Please retype every record below exactly, leaving the pictures out.
......
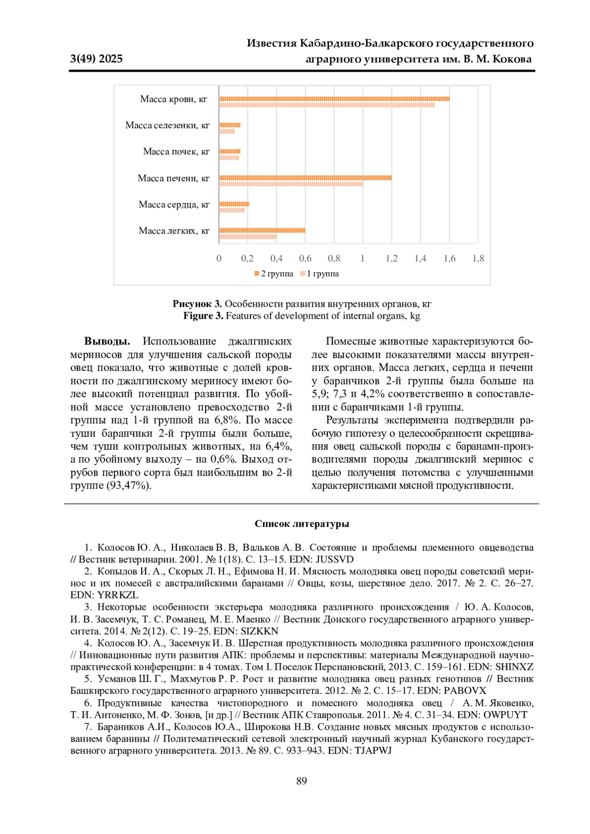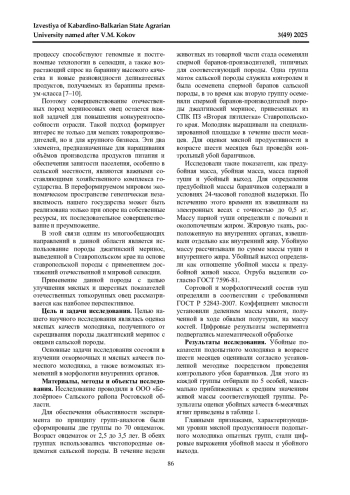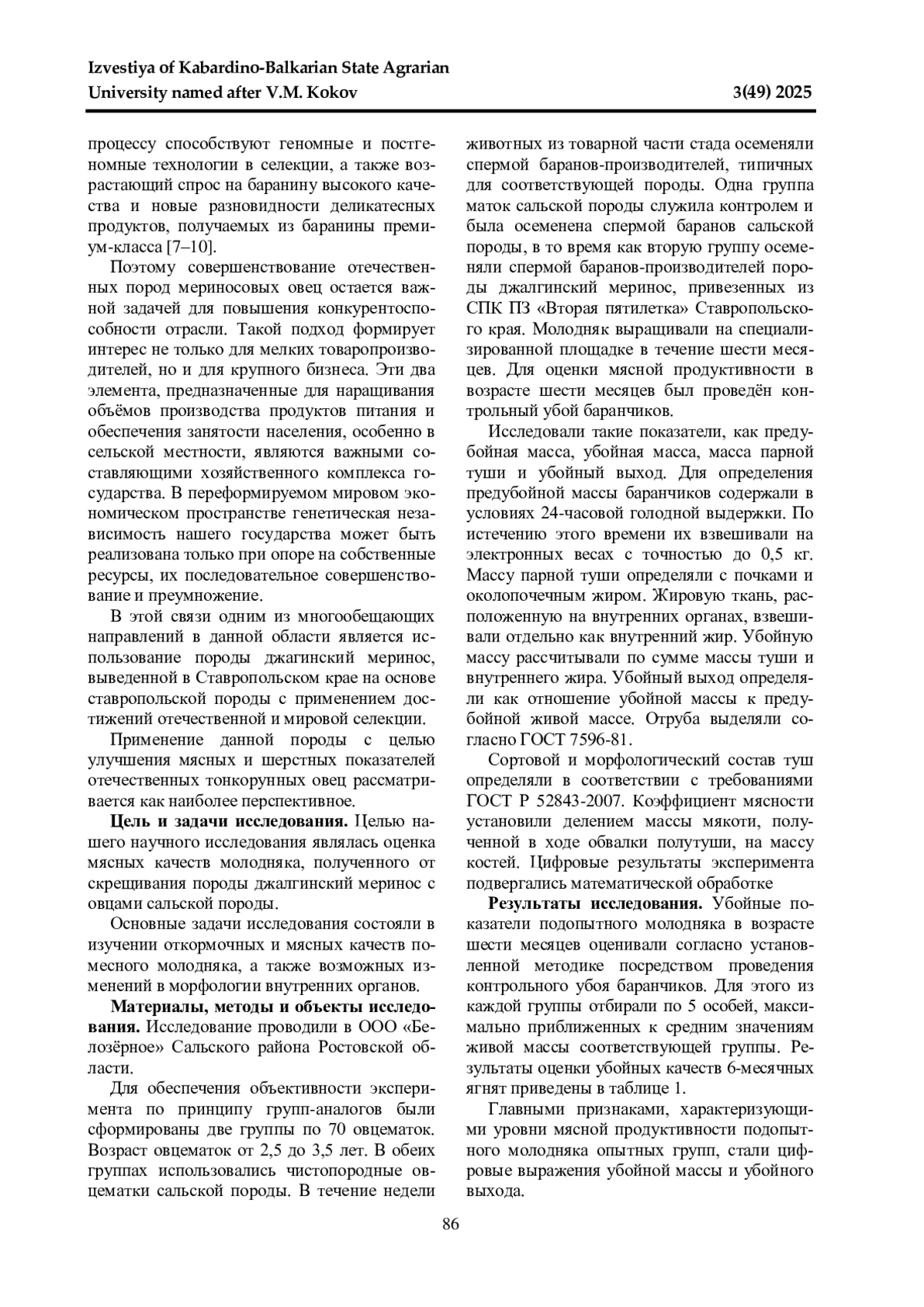 2. 	Копылов И. А., Скорых Л. Н., Ефимова Н. И. Мясность молодняка овец породы советский меринос и их помесей с австралийскими баранами // Овцы, козы, шерстяное дело. 2017. № 2. С. 26-27. EDN: YRRKZL
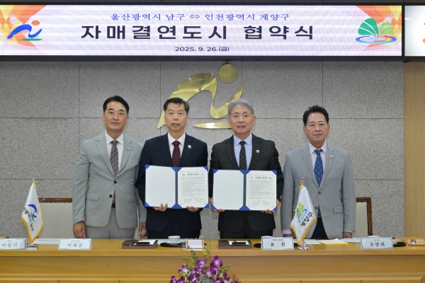 윤환 계양구청장은 “역사와 문화, 산업과 생태가 조화를 이루는 울산 남구와 자매결연을 하게 되어 매우 뜻깊다”며 “앞으로 두 도시가 축제와 산업, 문화 등 다양한 분야에서 실질적이고 활발한 교류를 이어가길 기대한다”고 말했다.
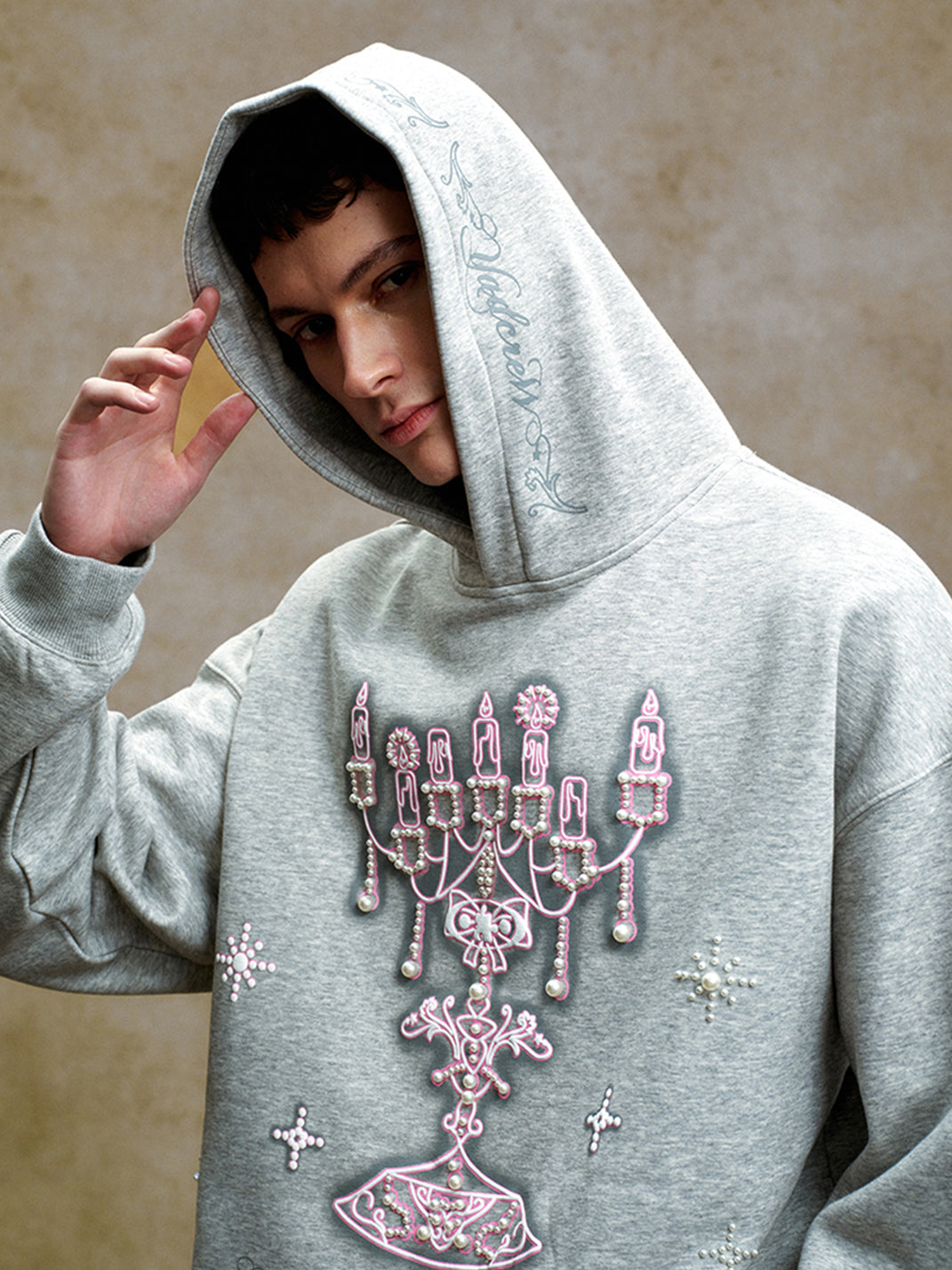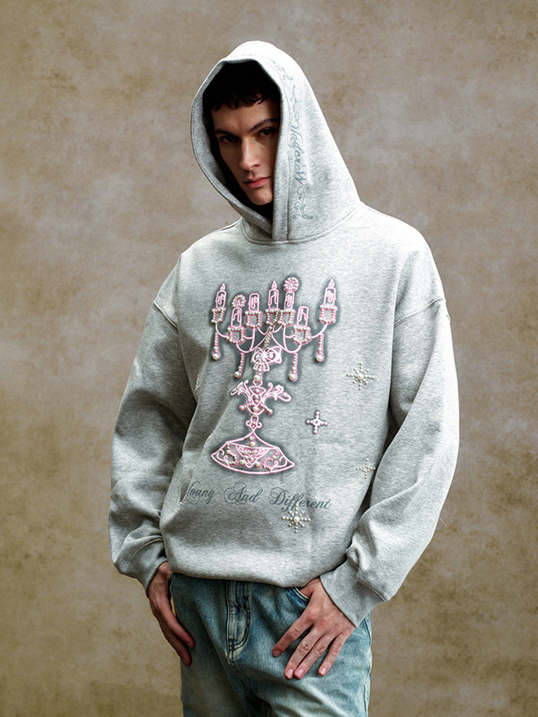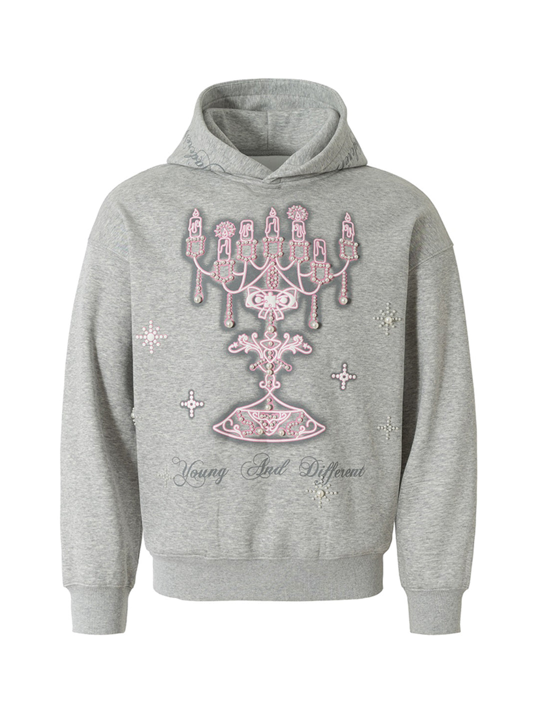 YADcrew丨Embroidered Pearl Detail Casual Hoodie
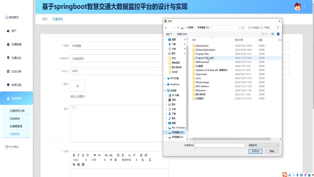 基于SpringBoot Vue的智慧交通大数据监控平台源码(提供导入教程+讲解)springboot2113
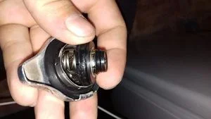 - Проверка атмосферного клапана. Для проверки его нужно потянуть и открыть. Далее отпустить и проверить, чтобы он полностью закрывался. Также в процессе проверки нужно обязательно проверить седло клапана на предмет наличия в нем грязи или отложений, которые могут появиться в процессе испарения старого антифриза. Если грязь или отложения имеются, то вариантов два. Первый — попробовать почистить седло. Второй — заменить крышку на новую. Однако все зависит от степени загрязнения внутренней поверхности вакуумного клапана.
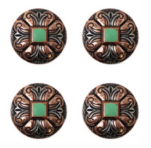 Set of 4 screw back conchos. Accented with two-tone engraving and a teal stone center. Measures 1 1/4" (32 mm) in diameter. Easy to install with chicago screws included. Beautifully accents any tack, saddle, belt, etc.
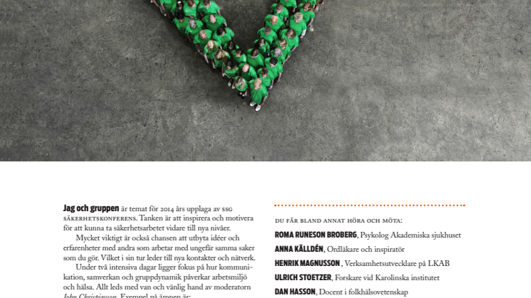 SSG Säkerhetskonferens är ett årligt och uppskattat inslag i Sverige inom arbetsmiljö och arbetssäkerhet. Den 25-26 mars anordnas SSG Säkerhetskonferens på Hotell Södra Berget i Sundsvall. Årets tema är ”Jag och gruppen”.
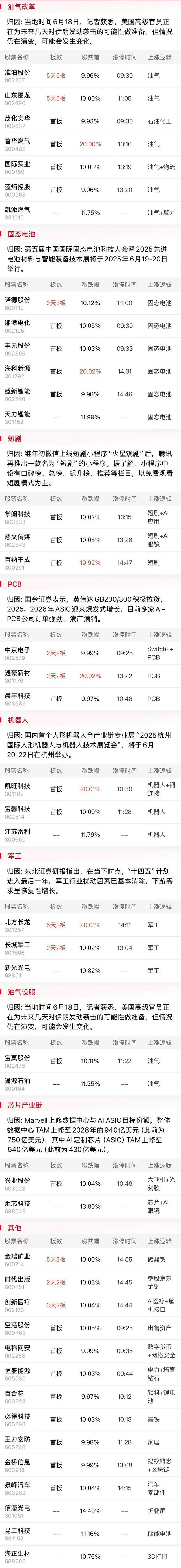 据央视新闻报道,美国高级官员正在为未来几天对伊朗发动袭击的可能性做准备,全球约20%的石油贸易需通过霍尔木兹海峡。市场担忧任何影响霍尔木兹海峡的事件都会波及全球能源市场,进而推高油价。随着国际油价午后转涨,刺激油气股持续扩大涨势,准油股份、山东墨龙晋级5连板,带动石油、天然气产业链低位股批量爆发,首华燃气等多股涨停,凯添燃气、通源石油实现反包均涨超10%。不过在市场整体仍处退潮期背景下,今日油气股方向再度逆势加强后多数后排股兑现压力仍然较大,关注明日早盘能否扛住分歧并继续吸引场外资金返场博弈周末消息面的超预期。而相比油气板块,尽管早盘低位股长城军工逆势涨停,加上午后20厘米人气股北方长龙逆势实现连板晋级,但板块内其余低位品种仍多以冲高回落为主,因此短期仍只能视为油气方向的低位补涨性质。
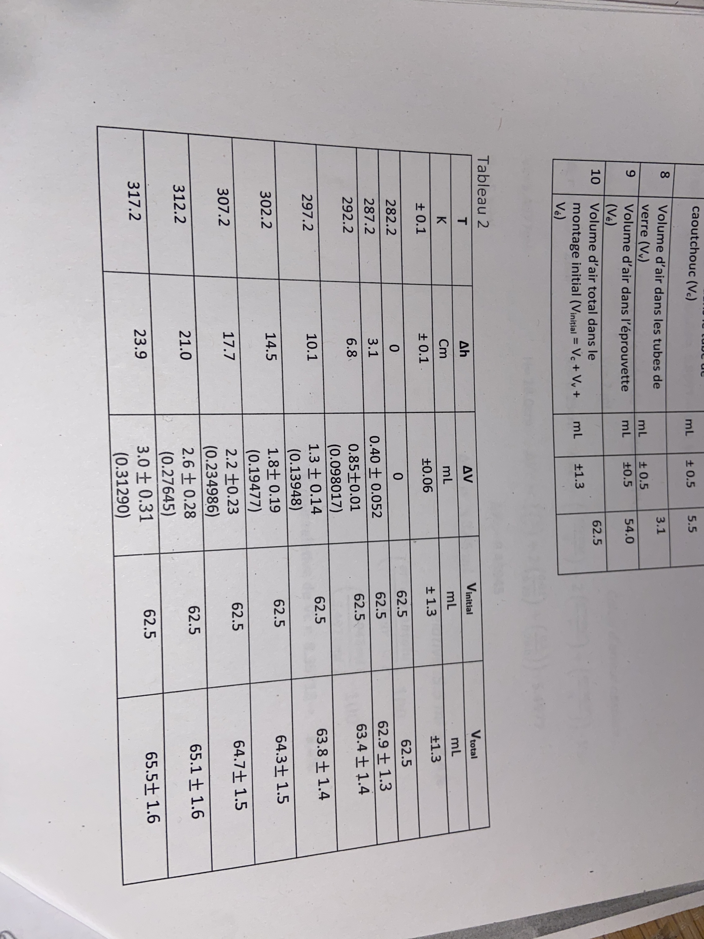 Secondaire 5 • 1abonjour jai un rapport de laboratoire a fsire mais je ne sais pas comment mettre les carré des erreurs absolue dans le tableau, mon erreur absolue sur ma temperature est de 0.1 et du volume de 1.3 comment esque j’incomporte sa dans le graphique? merci
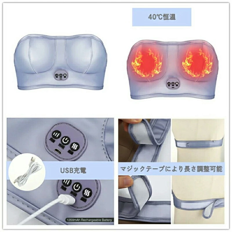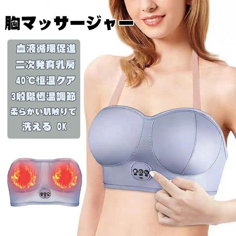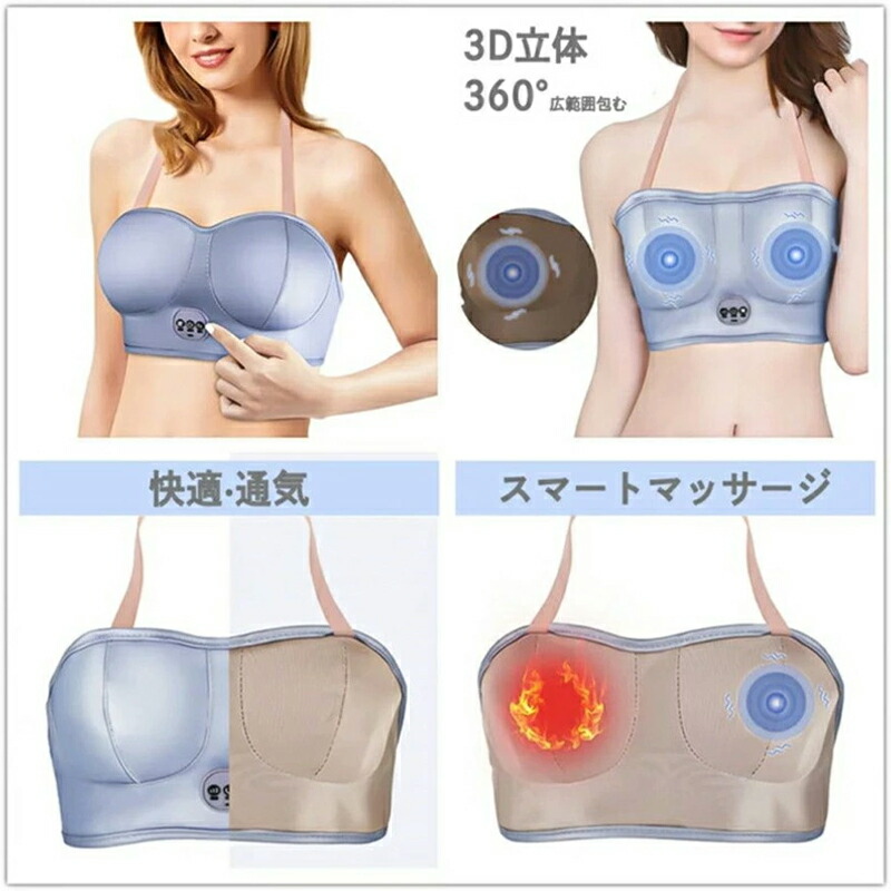 バストアップ 器具 胸マッサージャー バストマッサージャー 胸マッサージ器 女性用 マッサージブラ 胸 胸部 乳房 USB充電 3つモード 5つの強度レベル 女性ホルモン 洗浄可能
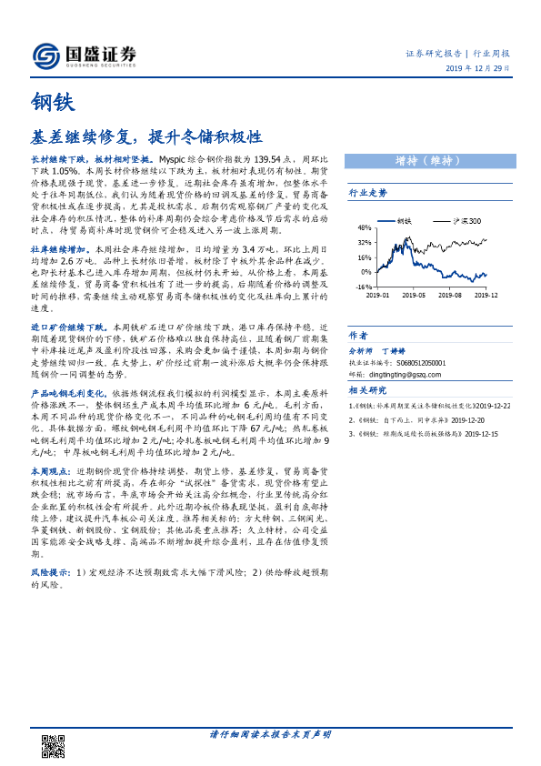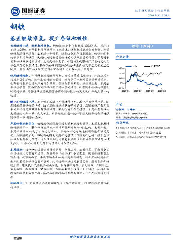 【国盛证券】【20191229】钢铁行业周报:基差继续修复,提升冬储积极性-10页
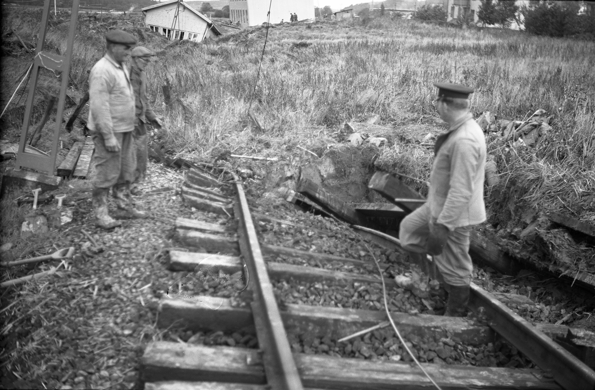 Surte-katastrofen. (kl. 8.16) . Fler än 30 bostadshus förstördes i jordskredet men bara en person omkom. Över 450 familjer blev hemlösa. Raserat järnvägsspår
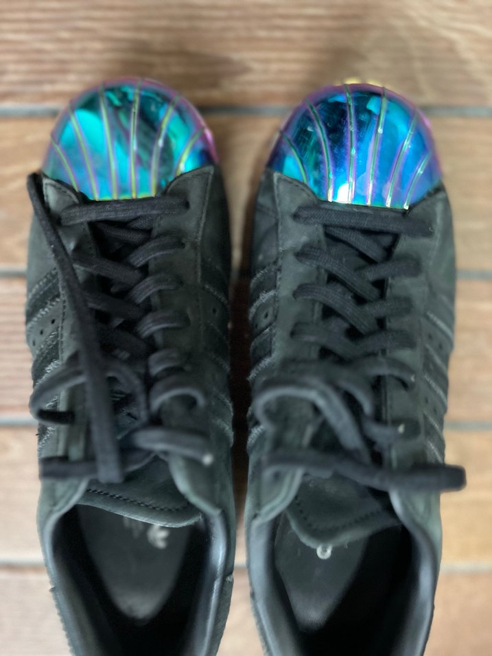 Bağcıklı siyah kadın sneakers, tie-dye desenli burun kısmı ve parlak tasarımıyla sokak stili ve spor tarzını birleştiriyor.Çok az kullanıldı , yeni gibi tertemiz, sağlam.
......
PROBLEM SOLUTION:
 2. 	Копылов И. А., Скорых Л. Н., Ефимова Н. И. Мясность молодняка овец породы советский меринос и их помесей с австралийскими баранами // Овцы, козы, шерстяное дело. 2017. № 2. С. 26-27. EDN: YRRKZL
 윤환 계양구청장은 “역사와 문화, 산업과 생태가 조화를 이루는 울산 남구와 자매결연을 하게 되어 매우 뜻깊다”며 “앞으로 두 도시가 축제와 산업, 문화 등 다양한 분야에서 실질적이고 활발한 교류를 이어가길 기대한다”고 말했다.
 YADcrew丨Embroidered Pearl Detail Casual Hoodie
 基于SpringBoot Vue的智慧交通大数据监控平台源码(提供导入教程+讲解)springboot2113
 - Проверка атмосферного клапана. Для проверки его нужно потянуть и открыть. Далее отпустить и проверить, чтобы он полностью закрывался. Также в процессе проверки нужно обязательно проверить седло клапана на предмет наличия в нем грязи или отложений, которые могут появиться в процессе испарения старого антифриза. Если грязь или отложения имеются, то вариантов два. Первый — попробовать почистить седло. Второй — заменить крышку на новую. Однако все зависит от степени загрязнения внутренней поверхности вакуумного клапана.
 Set of 4 screw back conchos. Accented with two-tone engraving and a teal stone center. Measures 1 1/4" (32 mm) in diameter. Easy to install with chicago screws included. Beautifully accents any tack, saddle, belt, etc.
 SSG Säkerhetskonferens är ett årligt och uppskattat inslag i Sverige inom arbetsmiljö och arbetssäkerhet. Den 25-26 mars anordnas SSG Säkerhetskonferens på Hotell Södra Berget i Sundsvall. Årets tema är ”Jag och gruppen”.
 据央视新闻报道,美国高级官员正在为未来几天对伊朗发动袭击的可能性做准备,全球约20%的石油贸易需通过霍尔木兹海峡。市场担忧任何影响霍尔木兹海峡的事件都会波及全球能源市场,进而推高油价。随着国际油价午后转涨,刺激油气股持续扩大涨势,准油股份、山东墨龙晋级5连板,带动石油、天然气产业链低位股批量爆发,首华燃气等多股涨停,凯添燃气、通源石油实现反包均涨超10%。不过在市场整体仍处退潮期背景下,今日油气股方向再度逆势加强后多数后排股兑现压力仍然较大,关注明日早盘能否扛住分歧并继续吸引场外资金返场博弈周末消息面的超预期。而相比油气板块,尽管早盘低位股长城军工逆势涨停,加上午后20厘米人气股北方长龙逆势实现连板晋级,但板块内其余低位品种仍多以冲高回落为主,因此短期仍只能视为油气方向的低位补涨性质。
 Secondaire 5 • 1abonjour jai un rapport de laboratoire a fsire mais je ne sais pas comment mettre les carré des erreurs absolue dans le tableau, mon erreur absolue sur ma temperature est de 0.1 et du volume de 1.3 comment esque j’incomporte sa dans le graphique? merci
 バストアップ 器具 胸マッサージャー バストマッサージャー 胸マッサージ器 女性用 マッサージブラ 胸 胸部 乳房 USB充電 3つモード 5つの強度レベル 女性ホルモン 洗浄可能
 【国盛证券】【20191229】钢铁行业周报:基差继续修复,提升冬储积极性-10页
 Surte-katastrofen. (kl. 8.16) . Fler än 30 bostadshus förstördes i jordskredet men bara en person omkom. Över 450 familjer blev hemlösa. Raserat järnvägsspår
 Bağcıklı siyah kadın sneakers, tie-dye desenli burun kısmı ve parlak tasarımıyla sokak stili ve spor tarzını birleştiriyor.Çok az kullanıldı , yeni gibi tertemiz, sağlam.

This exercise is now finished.